The current obsession with Microsoft Teams, for instance, is the same obsession we had with Slack about 4 or 5 years ago (Remember how it was going to kill *cough* email *cough* once and for all?), but that’s now gone for Slack. People are starting to feel that fatigue based on the overwhelming frenzy to keep up with everyone’s busyness. So, through the data, I am seeing the need for that reemergence of ESNs to help us slow down, focus on more meaningful, purposeful conversations and not just for a team or two, but for the entire organisation. But, like I said, I’ll be expanding plenty more on this in an upcoming blog post.
Eventually, what I have realised over the course of the last three years is that, through those different data entry points, I can find emerging patterns of interactions; discovering experts from within closed systems; building hybrid models of adapting to old and new tools, behaviours, habits, business pratices; identifying potential data leaks, or unnecessary costs incurred; or, my favourite one, the final frontier: how are you collaborating with your customers and business partners, perhaps even your competitors, beyond just email and the odd phone call or Web meeting?

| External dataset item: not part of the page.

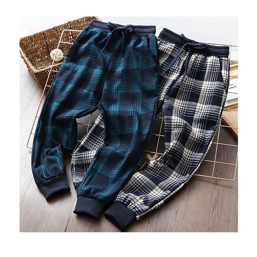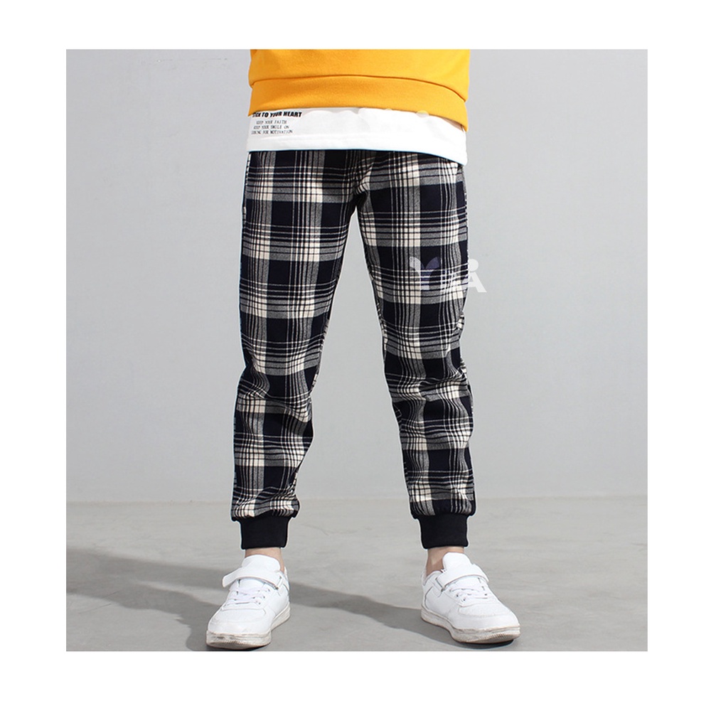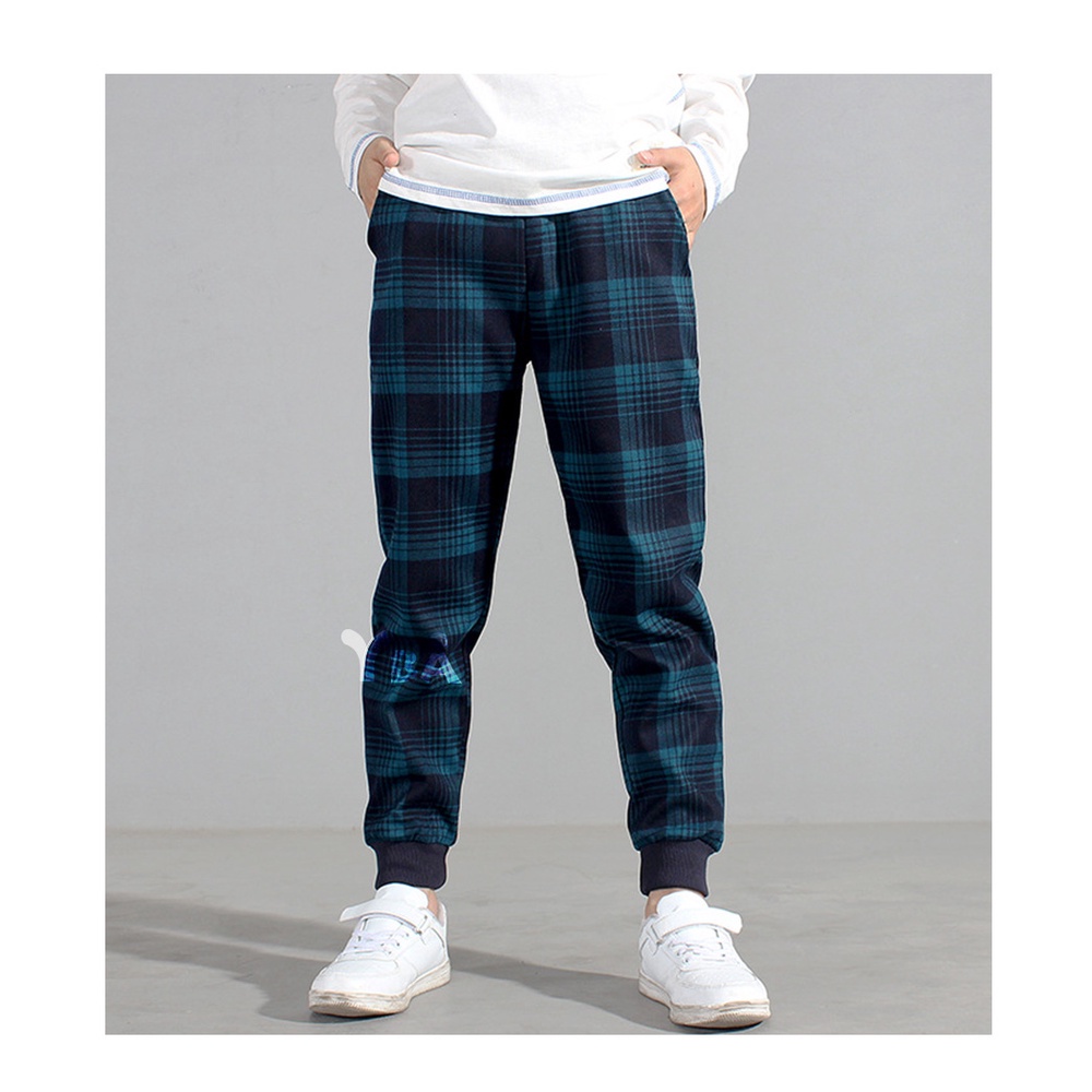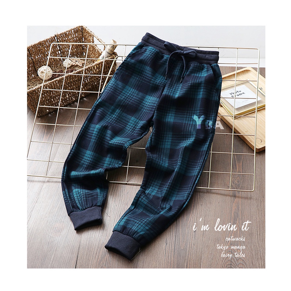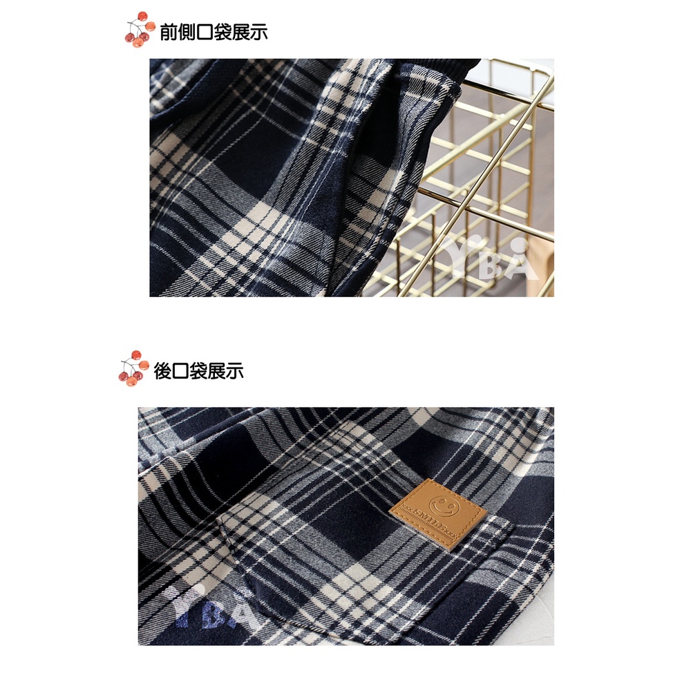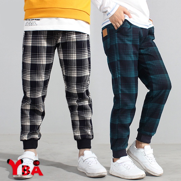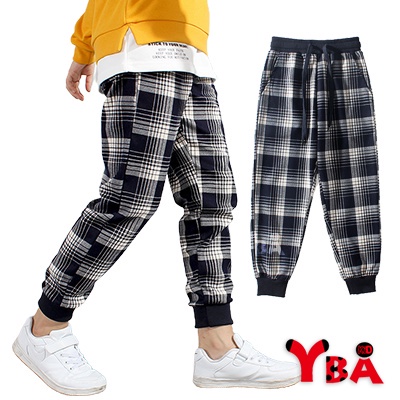 【YBA童裝】韓版時尚格子休閒長褲10/05(黑/藍)【K59002】[預購]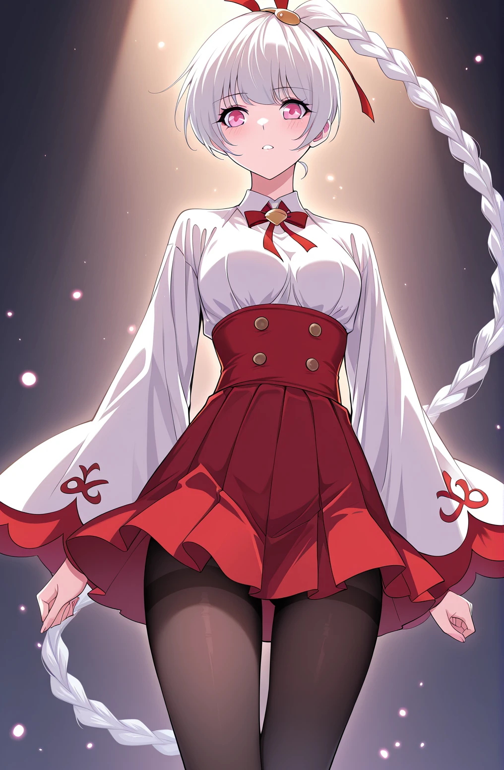 Xiao_BowFlare, white blouse, wide sleeves, red high-waisted skirt, pleated skirt, red ribbon bow, double-breasted buttons, red accents, short skirt, black pantyhose, red high heels,

I don’t know about you, but that’s pretty much what excites me the most at the moment from the current collaboration and knowledge sharing landscape through social, digital tools. Essentially, understand how data analytics can help me identify, evaluate and assess how healthy, mature and sustainable different digital workplace initiatives are across the board. Just in the recent past, for instance, I gave a couple of presentations on this very same topic.
My good friend, and long time KM blogger, Stan Garfield invited me, back in February, to participate in the SIKM Month Gathering to talk exactly about this very same subject: i.e. The Impact of Data Analytics in Digital Transformation Programmes. If you would be interested, you could grab a copy of the presentation over here and then perhaps listen to the recording below (embedded) while flipping through the slides:
Or, you could also take a look into this other presentation I did in early March at IntraTeam 2020 where I expanded some more on different data visualisations that can help you challenge that status quo of how work happens that I referenced above by asking the tough questions no-one seems to want to ask anymore around the health and maturity, or the overall long-term sustainability, of the Digital Workplace:
If you have been reading this far, I would like to thank you all for your patience and for your perseverance. I know you may well say I am a fool, or maybe a dreamer. I mean, who does believe in data, or facts, nowadays anyway, right? The world has moved on from effective fact-based decision making and more into gut-feeling or, usually, negative emotions (i.e. rage, fear, uncertainty, you name it), as the main triggers of how we make today’s critical decisions.
You are probably right. But then again, if I were to justify my own working experience (and life for that matter!) from over the course of the last 23 years (and still going strong!) around Collaboration and the Digital Workplace, I’m quite happy to say I now count on data analytics to help me prove my own worth and added value to the customers I’ve worked with throughout the years. Having a better understanding of their needs and wants based on the data they themselves produce on a daily basis while they collaborate is probably as good as it gets. Observable work through data analytics, anyone?
Funny enough I know now how I was right in plenty of what I have been working on all along, but also on what I was wrong. And throughout all of that learning journey, it’s now those very same facts and data analysis that guide me through building incredibly powerful stories everyone can relate to, and embrace, while embarking themselves on their own Digital Transformation journey. On their terms. No longer just mine.